Stored items
+---+

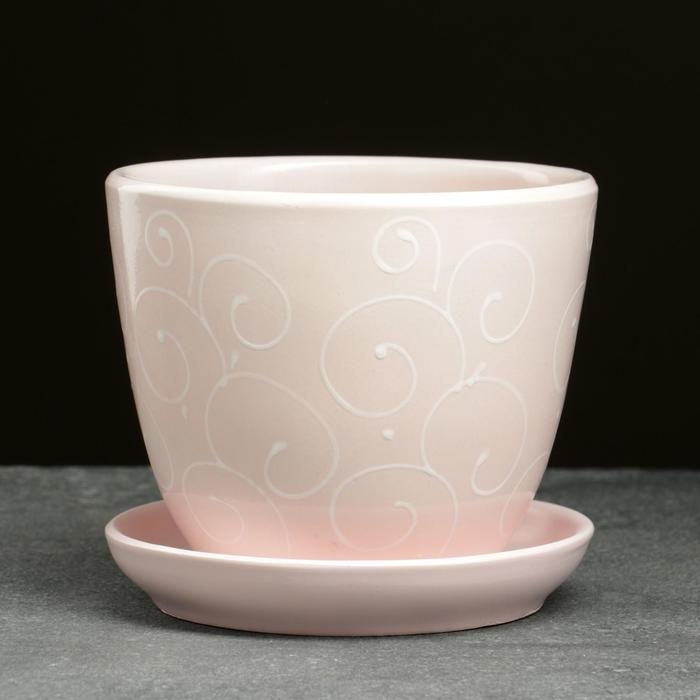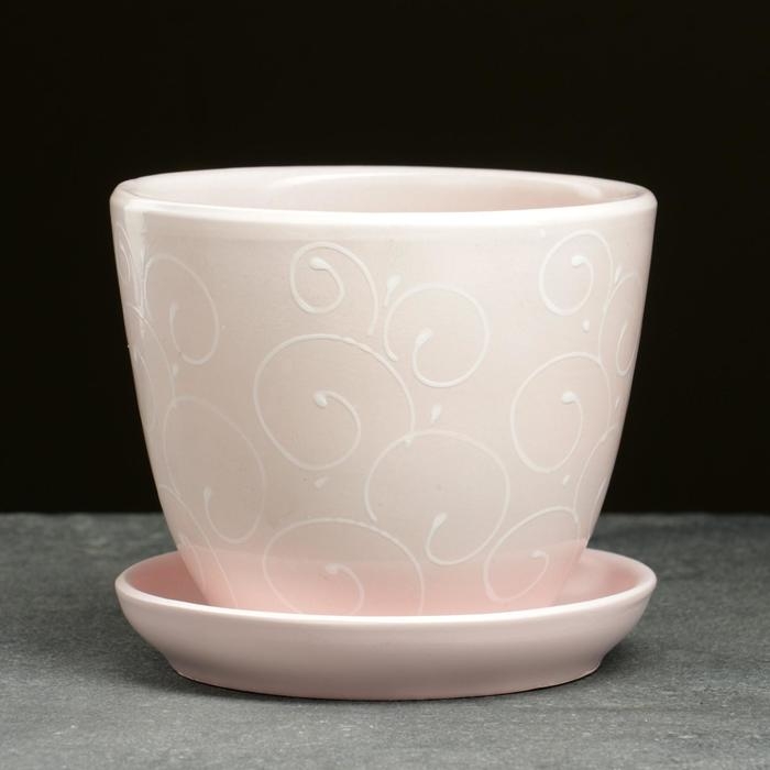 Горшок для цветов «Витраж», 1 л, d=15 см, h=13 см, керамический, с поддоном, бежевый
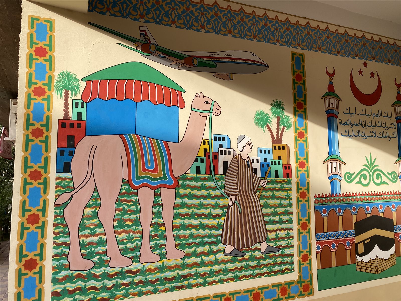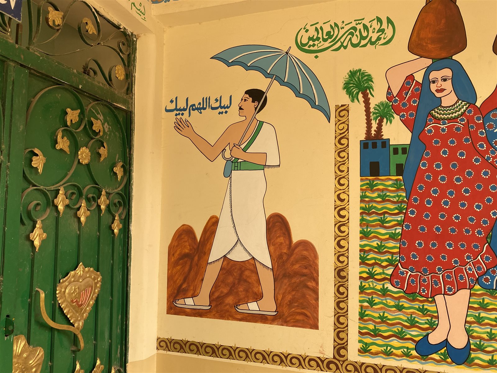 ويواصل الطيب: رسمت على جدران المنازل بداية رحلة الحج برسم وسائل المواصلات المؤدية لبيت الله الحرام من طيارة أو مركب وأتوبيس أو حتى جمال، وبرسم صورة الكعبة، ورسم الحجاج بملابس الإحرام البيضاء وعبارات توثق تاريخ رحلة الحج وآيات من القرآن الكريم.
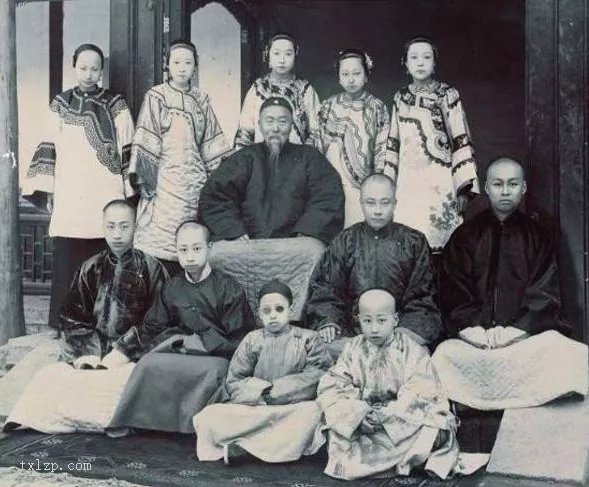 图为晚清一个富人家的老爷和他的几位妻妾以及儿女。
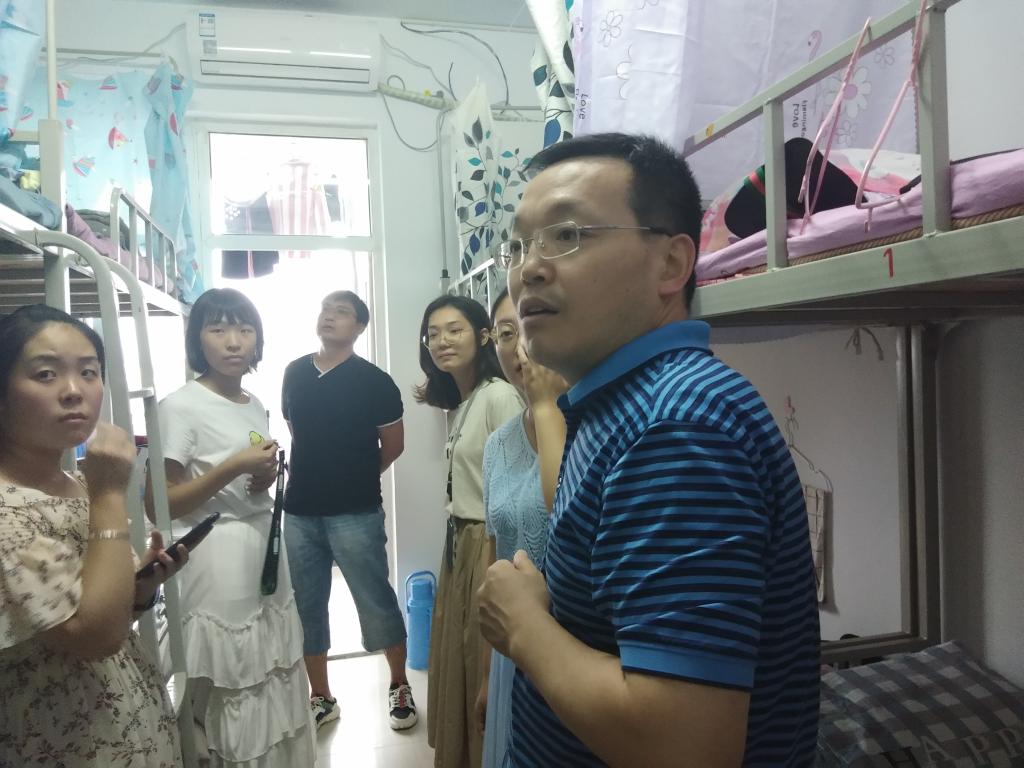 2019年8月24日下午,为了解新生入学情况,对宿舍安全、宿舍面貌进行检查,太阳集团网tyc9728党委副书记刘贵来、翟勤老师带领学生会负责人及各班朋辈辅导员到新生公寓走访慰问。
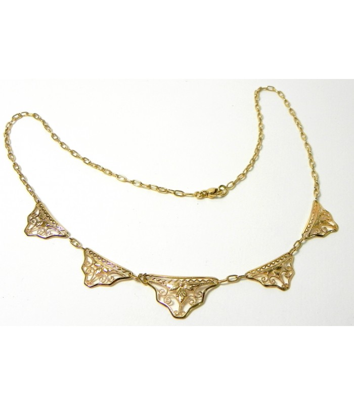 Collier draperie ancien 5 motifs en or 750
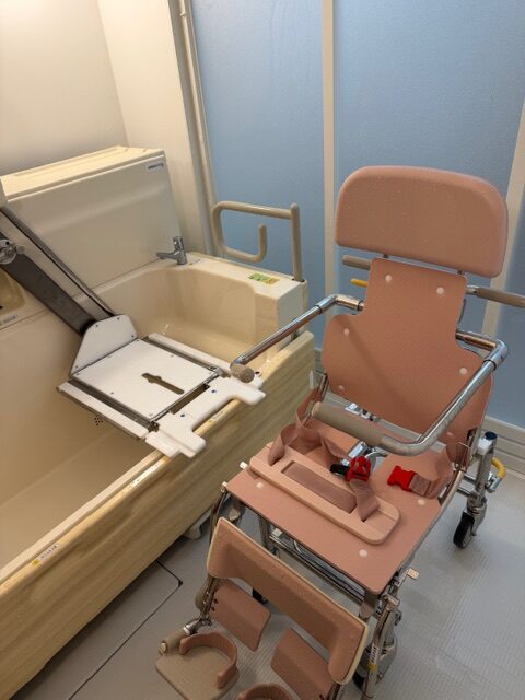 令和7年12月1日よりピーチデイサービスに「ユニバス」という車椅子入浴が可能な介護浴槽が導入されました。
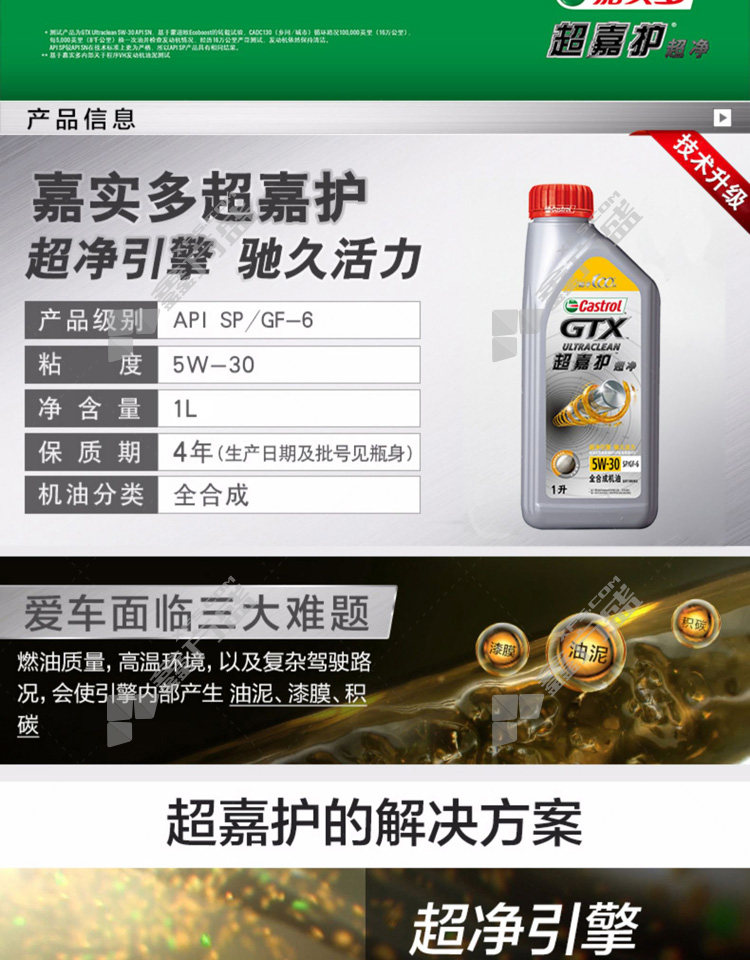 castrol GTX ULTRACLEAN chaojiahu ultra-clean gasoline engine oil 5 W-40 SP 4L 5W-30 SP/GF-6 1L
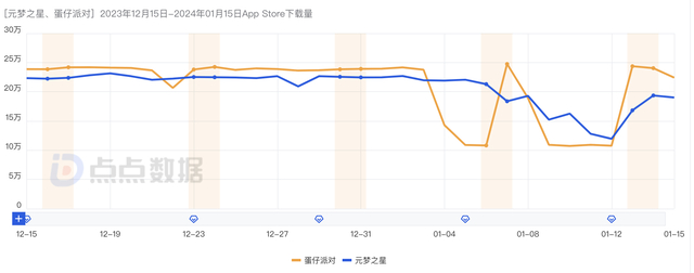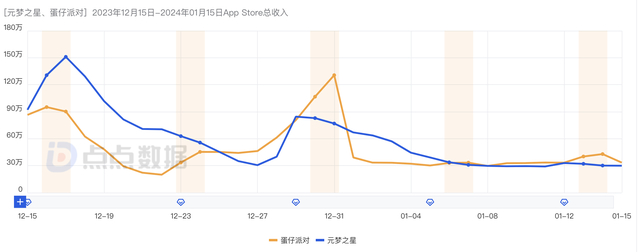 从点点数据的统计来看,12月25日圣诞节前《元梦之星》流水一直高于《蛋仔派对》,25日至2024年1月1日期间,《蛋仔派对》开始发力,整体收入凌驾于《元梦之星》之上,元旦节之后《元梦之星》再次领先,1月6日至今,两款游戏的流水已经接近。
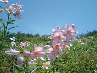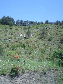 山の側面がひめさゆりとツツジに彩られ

+---+

▸ **EXERCISE**
Output nothing but the records, word for word, and none of their pictures.

▸ **THE COMPLETED TASK**
 Горшок для цветов «Витраж», 1 л, d=15 см, h=13 см, керамический, с поддоном, бежевый
 ويواصل الطيب: رسمت على جدران المنازل بداية رحلة الحج برسم وسائل المواصلات المؤدية لبيت الله الحرام من طيارة أو مركب وأتوبيس أو حتى جمال، وبرسم صورة الكعبة، ورسم الحجاج بملابس الإحرام البيضاء وعبارات توثق تاريخ رحلة الحج وآيات من القرآن الكريم.
 图为晚清一个富人家的老爷和他的几位妻妾以及儿女。
 2019年8月24日下午,为了解新生入学情况,对宿舍安全、宿舍面貌进行检查,太阳集团网tyc9728党委副书记刘贵来、翟勤老师带领学生会负责人及各班朋辈辅导员到新生公寓走访慰问。
 Collier draperie ancien 5 motifs en or 750
 令和7年12月1日よりピーチデイサービスに「ユニバス」という車椅子入浴が可能な介護浴槽が導入されました。
 castrol GTX ULTRACLEAN chaojiahu ultra-clean gasoline engine oil 5 W-40 SP 4L 5W-30 SP/GF-6 1L
 从点点数据的统计来看,12月25日圣诞节前《元梦之星》流水一直高于《蛋仔派对》,25日至2024年1月1日期间,《蛋仔派对》开始发力,整体收入凌驾于《元梦之星》之上,元旦节之后《元梦之星》再次领先,1月6日至今,两款游戏的流水已经接近。
 山の側面がひめさゆりとツツジに彩られ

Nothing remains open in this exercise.